Wir sind 2012 zum „Grand-Salon Micro Édition“ nach Lyon gefahren. Es war ein fantastisches Chaos Mini Festival. So etwas wollten wir auch machen. Außerdem waren wir alle gerade aus der Kunsthochschule gestolpert und ziemlich arm. Aus lauter Verzweiflung hatte ich das Buch „How to Get Rich“ von Donald Trump gekauft. Naturgemäß war das Buch überhaupt nicht hilfreich, aber es lag eben auf dem Tisch, als wir uns getroffen haben, um zu überlegen, was wir jetzt machen. Der Name „The Millionaires Club“ ist leider Trump zu verdanken.
Von Anfang an haben wir uns als internationales Festival verstanden, weil wir das Gefühl hatten, dass die ganzen wilden Sachen woanders passieren. Die deutsche Szene war damals und ist bis heute recht konservativ. Ich denke, dass wir uns immer mehr Mut gewünscht haben und deshalb in Deutschland komplett unbekannte Künstler*innen einluden.

Anna Haifisch: The Artist – Der Schnabelprinz
Reprodukt, 112 Seiten, 18,- €
Mit dem „COZI Comic- & Zinefest“ gibt es auch in Frankfurt ein unabhängiges Festival. Gab es seit 2012 Veränderungen in der Szene?
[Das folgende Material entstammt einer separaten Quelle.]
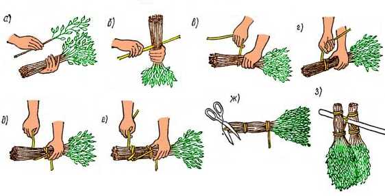 - Крепко связываете ручку, следите за тем, чтобы веточки лежали плотно к друг другу.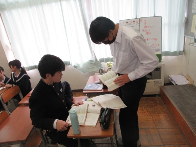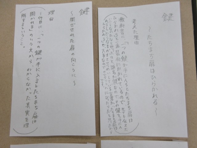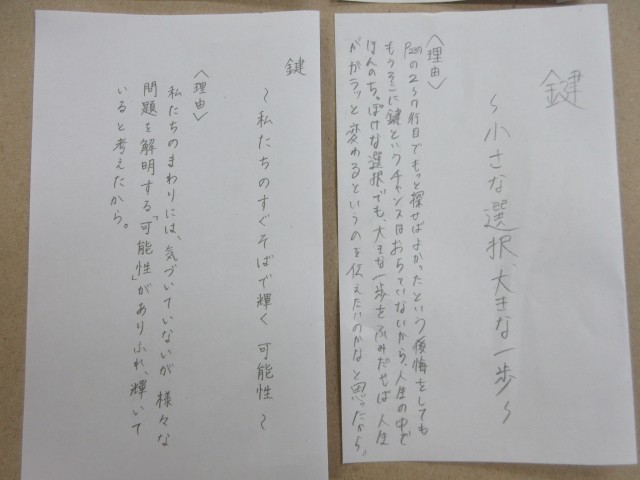 2月27日(金)2学年授業の様子(国語) 公開日 2026/02/27 更新日 2026/02/27 2学年 2学年授業の様子です。国語科の授業では、茨木のり子「鍵」という詩に「自分が解釈したことをもとに副題をつけよう」という課題に取り組みました。考えた副題から、それぞれが詩からどのようなことを感じ取ったか、どう解釈したかが分かるため、生徒たちは興味深く互いの作品を鑑賞しました。 2学年

Ich liebe das COZI! Zum Glück gibt es noch Leute, die Lust haben DIY Festivals zu organisieren. Das „Hungry Eyes Zinefest“ in Berlin und das „Comicfestival Hamburg“ sind die besten Dinge, die dem Independent Comic in Deutschland passieren können. Es tut sich gerade im Umfeld der Kunsthochschulen viel und ich freue mich, dass es so viele neue Kollektive und Kleinstverlage gibt.
Dieses Jahr wurdest du als beste deutschsprachige Comickünstlerin ausgezeichnet. Ein rasanter Aufstieg, wenn man bedenkt, dass „The Artist“ kaum fünf Jahre her ist. Worauf dürfen wir uns in Zukunft freuen?
Ehrlich gesagt, weiß ich auch oft nicht so genau, wie mir geschieht. Ich zeichne einfach weiter. Im Frühjahr 2021 wird der dritte Teil von „The Artist“ mit dem Titel „Eine Vogeloper in 11 Akten“ erscheinen. Es ist ein irrwitziges Projekt, ich habe keine Ahnung, ob das für irgendjemanden Sinn macht. Aber das denke ich eigentlich bei jedem Buch.